For an organism to live and survive each cell within their body needs the supply of oxygen (O2) and energy obtained from food as well as carbon dioxide to exit their body as oxygen enters. These jobs are all responsibilities of the respiratory system. The process that the respiratory system endures is known as respiration. The respiratory system is made up of the nose, mouth, pharynx, larynx, trachea, bronchi and lungs. Oxygen in the air is breathed in via the nose or mouth called inspiration caused by the diaphragm contracting.

The oxygen passes through the nasal passages transporting the air to the pharynx. The pharynx acts as a pathway to the larynx. White blood cells in the larynx complete their role by attacking potentially diseases causing microbes from travelling any further if they have already passed the other defensive forces in the nasal pathways. The larynx role in the respiratory system is to transport air to the trachea. Strong rings of cartilage enable the trachea to open so that air can pass through this passageway from the larynx to the bronchi.

The bronchi separates into two tubes from the trachea which also split into more tubes known as the bronchioles. Air sacs called alveoli then transport oxygen whilst removing carbon dioxide. From here the oxygen scatters into our capillaries then to vessels which connect the arteries and the veins. Pulmonary veins carry blood to the left atrium of the heart, flowing to the left ventricle. The blood is then pumped to the rest of the body through the arteries and the oxygen is now lost. Haemoglobin in red blood cells also transports oxygen to cells in the body.

The blood returns to the heart by the pulmonary veins through the right atrium and ventricle. The deoxygenated blood is now returned to the lungs and the exhalation occurs and this air is breathed out through the nose and mouth. When oxygen cannot be supplied to the muscles quick enough oxygen from the haemoglobin, myoglobin air in the lungs, and body fluids acts as a temporary substitute until the oxygen flow can regain itself when the borrowed oxygen is returned to wherever it may be borrowed from. This is called oxygen debt. Blood is continually flowing around our bodies.

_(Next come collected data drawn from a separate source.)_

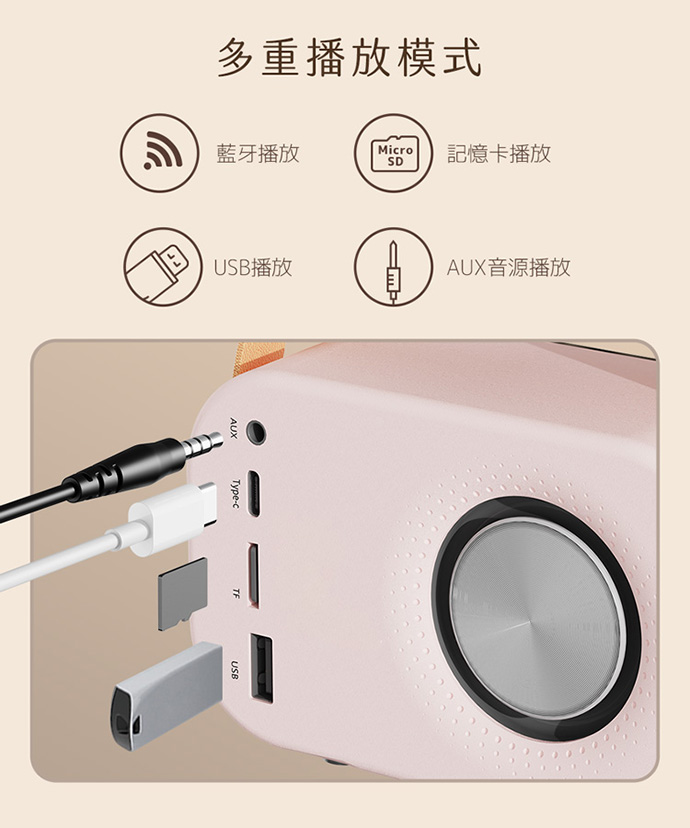 支援藍牙/記憶卡/USB隨身碟/AUX-IN(LINE-IN)播放功能,滿足您多種需求!
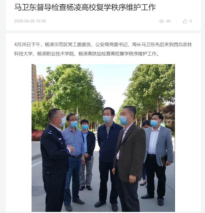 4月26日下午,杨凌示范区党工委委员、公安局党委书记、局长马卫东先后来到西北农林科技大学、杨凌职业技术学院、杨凌高铁站检查高校复学秩序维护工作。
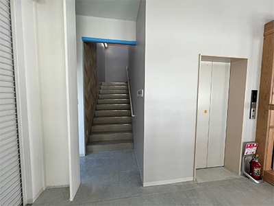ご入店いただきますと、階段とエレベーターがございますので、2階へお越しください。
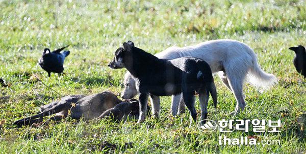 [한라일보] 제주도의 야생지난달 29일 제주시 조천읍 교래리 한 목장에서 들개 2마리가 노루를 사냥하는 모습을 큰부리까마귀가 지켜보고 있다. 강희만기자
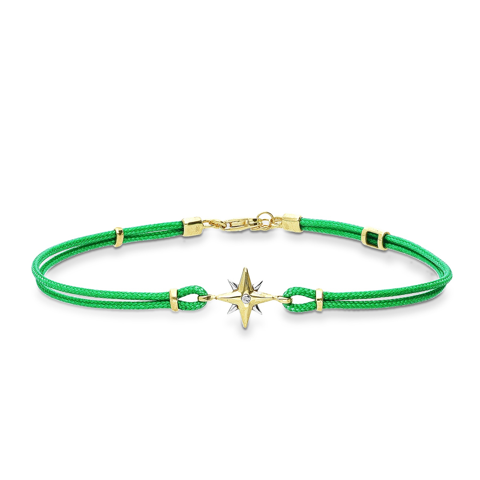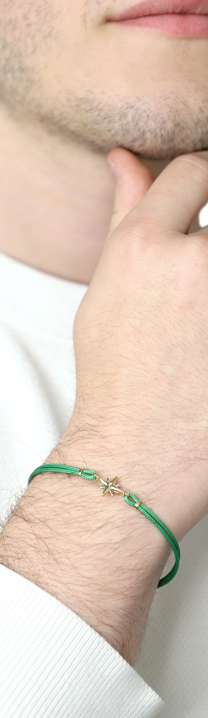 Bracelet en tissu vert et étoile en or jaune et blanc 18k
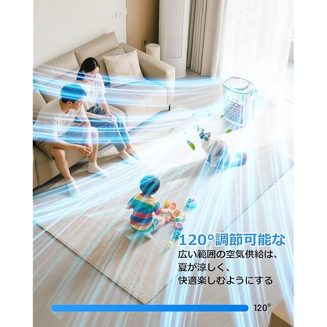 「3段階風量調整&家族に優しい」冷風機は強・中・弱の3段階で風量を調節可能。暑さの程度に合わせて微風から強風までお選びいただけます。冷風機は扇風機より涼しく、エアコンより省エネ!広範囲に涼風をお届けするため、上下120°の手動ルーバー調節が可能です。これにより冷気が部屋中に行き渡り、快適な室内環境でお過ごしいただけます。
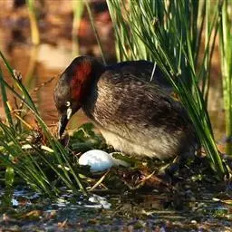 繁殖期5-7月。营巢于有开阔水面的水边芦苇丛和水草丛中。雌雄共同营巢,最早在4月中下旬即见有少数个体开始营巢,大量营巢在5月。巢系就地弯折芦苇或蒲草搭于周围的芦苇或蒲草上作基础,然后堆集一些截成小段的芦苇和蒲草即成,因此巢常常和周围的芦苇、水草搅缠在一起,而不是漂浮在水面,但它可随水面而升降。巢极为简陋,形状似一圆台状,大小据6个巢的测量为外径27-46厘米,内径14-27厘米,高17-35厘米,深4-8厘米,露出水面高度为6-16厘米。1年繁殖1窝,产卵时间较为集中,最早的个体于5月初产卵,大批5月中下旬。1天产卵1枚,每窝产卵7-12枚,常为8-10枚。卵为尖卵圆形或梨形,青灰色、灰黄色或浅灰白色,略带绿色光泽、被有棕褐色斑点,大小据37枚卵的测量为46-58毫米×31-39毫米,平均52毫米×35毫米,重30-45克。孵卵由雌雄亲鸟轮流承担,孵化期24天。雏鸟早成性,刚出壳时体重22-25克,全身被有黑色绒羽,头部具橘黄色绒羽,头顶及眼后有稀疏毛状纤羽,上眼眶呈淡紫蓝色,跗蹠黑色,嘴和额红色,出壳后当天即能游泳。
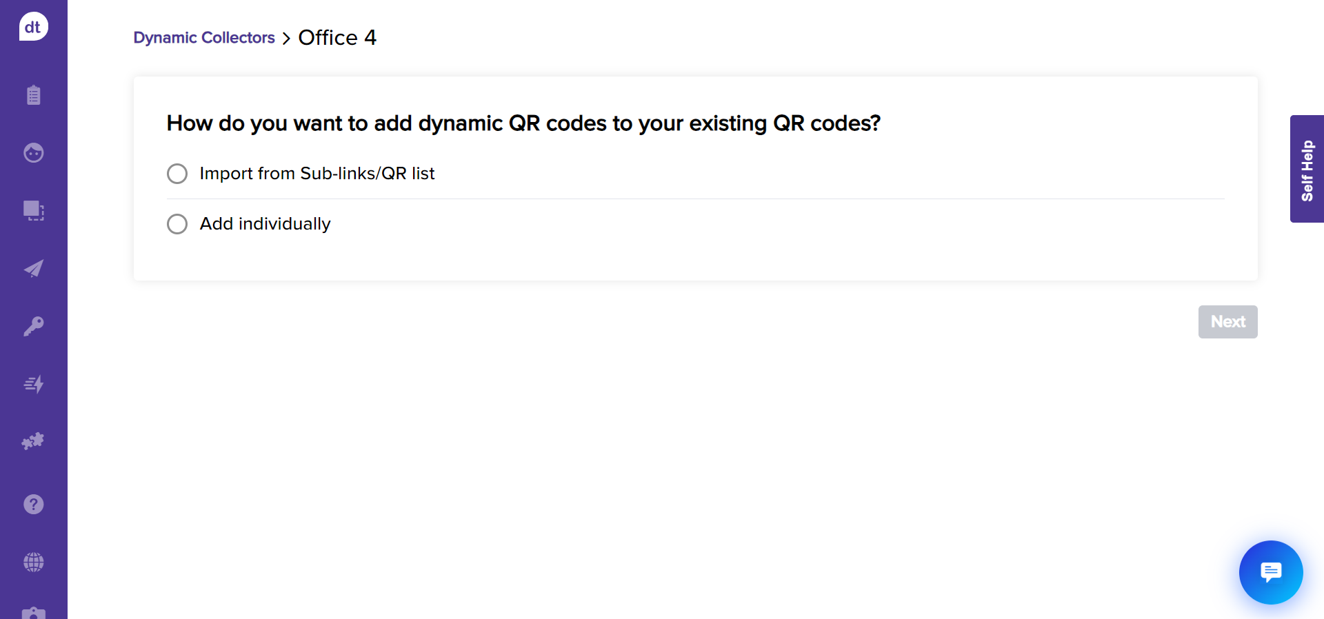 Select a method to add QR codes for the dynamic collector to proceed.

The bodily parts which the blood flows through make up the circulatory system or alternatively the cardiovascular system. The circulatory system includes the heart, blood and blood vessels. This system pumps blood containing oxygen and nutrients around the body and collects wastes. The heart is what enables the blood to be pumped around the body. It is situated between the lungs and diaphragm with a muscle wall dividing it into a left and right side. There are two chambers in each side being the atrium and ventricle. Haemoglobin in red blood cells absorbs oxygen and carries it to body cells.

Cardiac blood vessels linked from the aorta spread over the myocardium which is a special muscle that these chambers are made up of and allows the heart to pump blood, along with the cardiac cycle. The cardiac cycle is the process that the heart goes through to contract and relax to receive blood from the veins and pump it to the lungs and around the body. The cardiac process can be described in a two step process. Diastole is when the heart expands and blood flows from the atria into ventricles. Systole is when the heart contracts and deoxygenated blood flows into the arteries form the ventricles and to the lungs and body.

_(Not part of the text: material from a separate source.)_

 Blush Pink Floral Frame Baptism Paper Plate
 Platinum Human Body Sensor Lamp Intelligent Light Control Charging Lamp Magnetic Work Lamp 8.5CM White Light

Our heart rhythmically contracts requiring a rich supply of blood and oxygen to do this. The cardio-respiratory system played a vital role in order for me to complete the beep test. Prior to the test both the respiratory and circulatory systems and the co-functioning of these making up the cardiovascular system were all at rest. They were functioning as normal because no extra stress was placed upon the heart. For example; my resting heart rate was measured at 60 beats and my respiration at 16 breaths. Both my heart rate and respiration rate however was evidently affected by exercise as was both of these bodily systems.